One of these skinheads immediately approached me peddling some publication pitched between a magazine and a newspaper. It was called
Spearhead
. I became aware of a lot of eyes on me. My clothes were all wrong. The long hair, the open-toed sandals. Whatever the “other side” might be, I was pretty sure I resembled it. Some self-preservation instinct kicked in and I found myself digging in my pocket for a few coins. The skinhead became friendly and let me know that someone was going around with a great pamphlet about how we should support the Welsh nationalists’ campaign of burning holiday homes. I said I’d look out for it and he gave me a wink. Colin had disappeared and something was about to start so I quickly took a seat.

Of course I was furious with myself for being so naïve. If someone suggests that you follow them, your initial question should be:
Where to?
You don’t just go along with the first person who charms you into following them. Or do you? I think that’s what I’d done pretty much all my life. I still think that it’s what most people do, whether we are talking about social activities, or about politics, or about falling in love.
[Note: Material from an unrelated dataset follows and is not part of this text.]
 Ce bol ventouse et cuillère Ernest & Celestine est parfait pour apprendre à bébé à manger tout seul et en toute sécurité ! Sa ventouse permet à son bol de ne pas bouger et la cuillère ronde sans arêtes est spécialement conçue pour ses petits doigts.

After a short delay in proceedings, the two men whose hands I had just shaken in the car park took their places on the platform. I noticed one chair remained empty. Then a familiar figure leaped onto the stage.
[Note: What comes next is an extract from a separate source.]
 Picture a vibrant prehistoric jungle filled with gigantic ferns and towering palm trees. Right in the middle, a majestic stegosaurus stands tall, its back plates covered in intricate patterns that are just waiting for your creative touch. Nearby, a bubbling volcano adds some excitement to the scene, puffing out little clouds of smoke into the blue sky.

It was Tony from the holiday resort. Just like Colin he’d found a suit and tie for the event. He blew into a microphone
to check it was working and then launched into a relaxed welcoming speech, saying how good it was to see so many old friends and so many new faces, too. He came down from the stage and strolled about the place, smiling, winking, and shaking hands with one or two people on the front row without breaking his patter. Then he effortlessly segued into a few Paki jokes.
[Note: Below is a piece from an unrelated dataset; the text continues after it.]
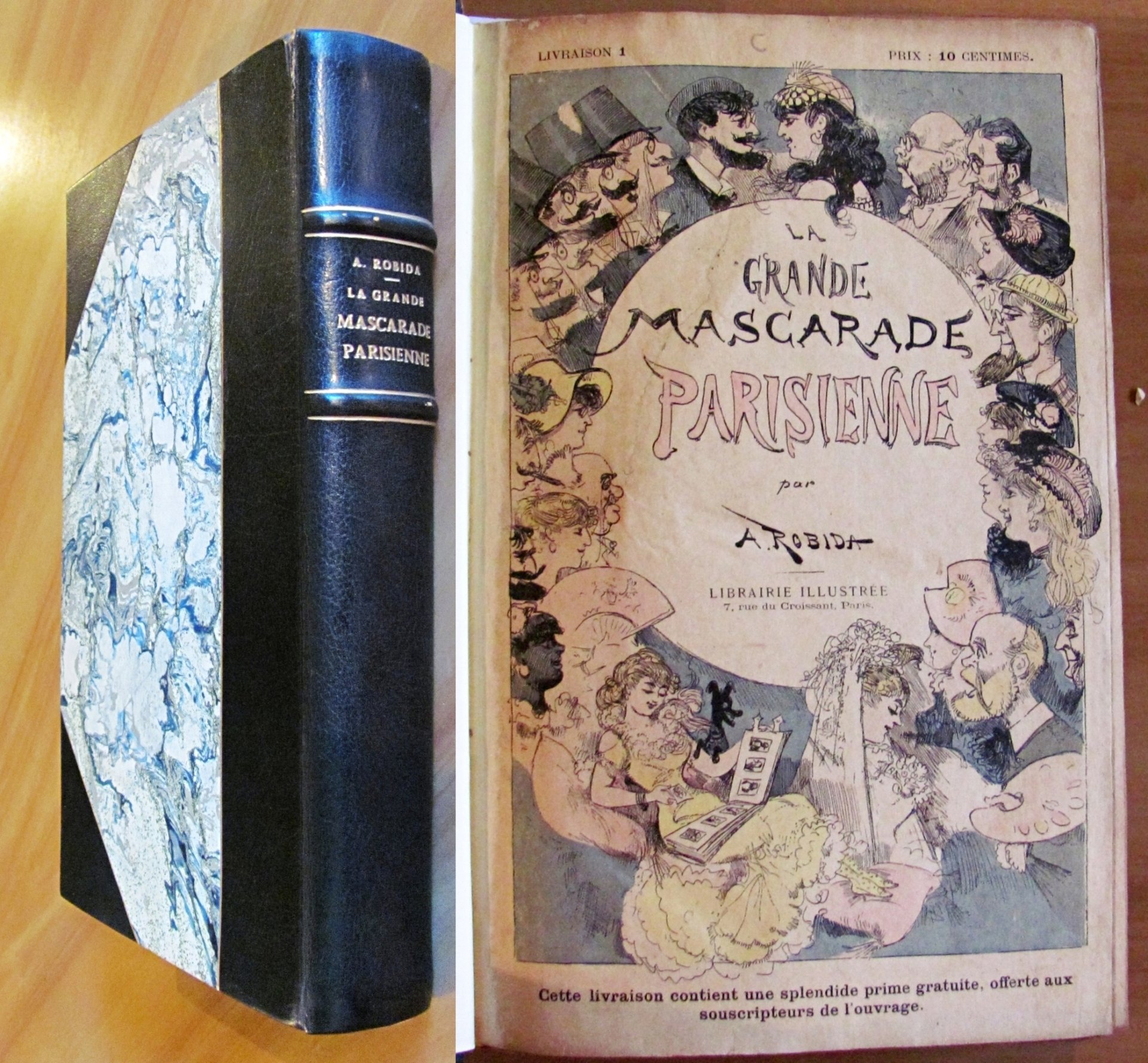 Parties 1/5 - Completo. Moltissime illustrazioni in b/n e a colori n.t e tavole a colori, di cui una più volte ripiegata, f.t. di Albert Robida. Librairie Illustrée - Paris, s.d. ma 1880. Rilegatura coeva in mezza pelle, con nervi e titolli in oro al dorso, che presenta un lieve distacco in alto alla cerniera anteriore. Barbe al margine esterno delle pagine. 19x29; pp.800. Completo, Raro e in Buonissimo stato.

They were new jokes and he was very funny. He easily drew laughs from the audience and I found it impossible not to laugh with them. An edgy joke about the Jews followed and that went down very well, too. At some point a third man arrived and without fuss took his place on the platform. I assumed this to be the man they’d referred to as Carter.

Tony threw in another Paki gag about an Indian family eating dog food, and while the audience was howling he handed the microphone back to Norman Prosser. Prosser got to his feet and thanked Tony not only for his “wonderful humor” but also for his lifelong commitment and dedication to the serious business for which we were assembled. And, he pointed out, while we can all laugh, and that it’s good to laugh, the things that were happening to the country were no laughing matter. The Reds and the Jews and the immigrants were hand in glove—and on this phrase he paused and looked searchingly round the audience
—hand in glove
, presiding over the demise of a once great nation, and the government was like the emperor Nero, fiddling while Rome burns. Well that’s all coming to an end, he said, the party was growing and change was coming. There was evidence of all sorts of new people coming forward, workers, schoolteachers, people from industry, and students. In this last category I knew with
absolute certainty that I was his evidence. I even felt a few eyes flicker in my direction. Prosser went on to say that we were fortunate today in being able to welcome to the meeting Harold Carter, who would outline for us the Way Forward.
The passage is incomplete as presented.